If anything, all ChatGPT does is save the need to retype manually what students had available in the 1970s and before. And it was nearly impossible to do anything about it then. You could find suspicious wording in a student paper -- archaic diction or phraseology, or just British spelling from a kid who'd grown up in Garden Grove, but to trace the actual source would have required hours in the library, if it could even be found there, time nobody could spend.

And to bring a case on the honor code, if that was what they called it, required "proof beyond a reasonable doubt", but nobody wanted to be on any board or committee that ruled on anything like that, so there were no real penalties, which is how everyone wanted it. The students and parents felt entitled to good grades and a degree -- that was what they paid for. The department knew that if anyone enforced plagiarism rules, any course that beecame known for doing so would instantly lose enrollment.

The New York Magazine piece pays lip service to the fact that this is old stuff:

It isn’t as if cheating is new. But now, as one student put it, “the ceiling has been blown off.” Who could resist a tool that makes every assignment easier with seemingly no consequences? After spending the better part of the past two years grading AI-generated papers, Troy Jollimore, a poet, philosopher, and Cal State Chico ethics professor, has concerns. “Massive numbers of students are going to emerge from university with degrees, and into the workforce, who are essentially illiterate,” he said. “Both in the literal sense and in the sense of being historically illiterate and having no knowledge of their own culture, much less anyone else’s.”

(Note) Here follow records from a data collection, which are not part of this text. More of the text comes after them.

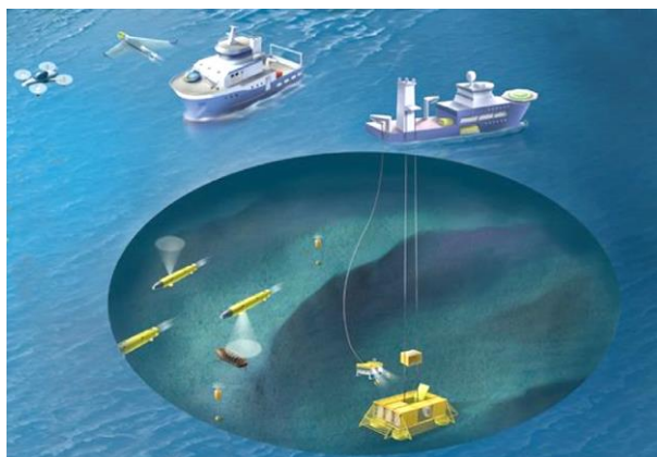
Р и с . 1 . Системы мониторинга [12].

Использование подводных аппаратов для геологоразведки. Работа [12] посвящена исследованию проблем, связанных с автономными морскими системами, применяемыми для морских перевозок, разведки и разработки нефти и газа, для рыболовства и аквакультуры, науки об океанах, морской возобновляемой энергии, морской добычи (рис.1). Фундаментальные знания получают с помощью междисциплинарных теоретических, численных и экспериментальных исследований в областях гидродинамики, структурной механики, навигации, управления и оптимизации. В работе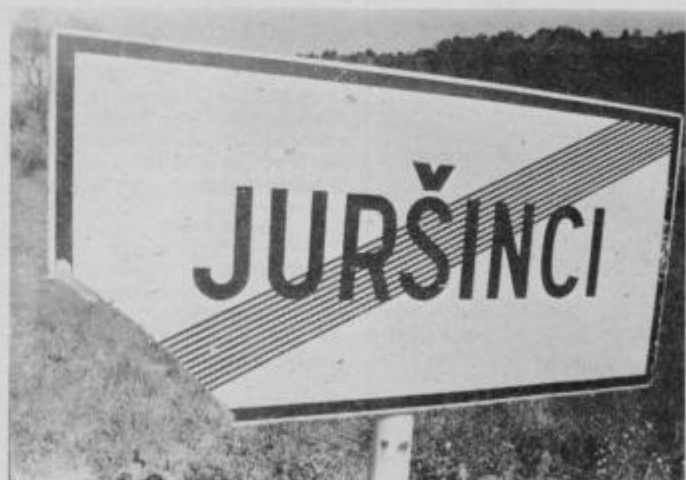
Prometni znak se je srečal z objestneži.

vidika Juršinci v starem delu nimajo možnosti turističnega razvoja. Drugo so seveda okoliški griči, polni lepih hiš. Do nekaterih seže pogled tudi iz vasi in veseli smo bili bogatih cvetličnih okraskov, kar je dokaz srčne dobrote, želje po urejenosti in lepoti.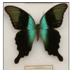
アゲハチョウ科 アオネアゲハ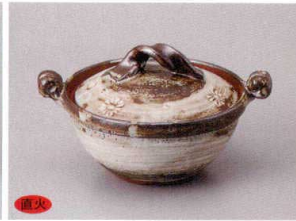
859-3-84H 2,900円 刷毛目印花紋4号鍋 15.2×12.3×9.5cm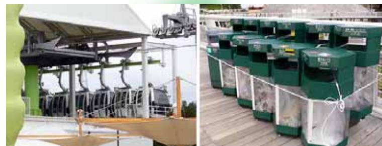
(gauche) Les Gondoles de Kiccoro à l'arrêt. (droite) Les poubelles sont attachées pour ne pas être emportées par le vent.

8/25 L'approche du typhon n°11 nécessite des mesures de précaution et certaines manifestations sont annulées en raison de la pluie en soirée.

Oh, no! Generations of students will now emerge from university who are historically and culturally illiterate? O tempora! O mores! It wasn't that way when I was in school! I fell into that trap when I was a TA -- they might do this at USC, but I went to an Ivy, where that sort of thing is just not done. I was unbelievably naive; academic culture has tolerated this sort of corruption since time immemorial.

For that matter, of the two women I dated seriously in graduate school, both were also having affairs with their professors. Both eventually became full professors. Surely this was just a random coincdence?

There's an IT truism that predates AI by a couple of generations: garbage in, garbage out. All ChatGPT does is go to Cliff's Noes, which are now on line anyhow, and build clumsy essays that read every bit as badly as the students who turned in equivalent papers in the 1970s and surely long before that. AI will never make people smarter, and it will never replace smart people. In particular, I don't think it represents any moral problem that hasn't existed already, especially in the universities.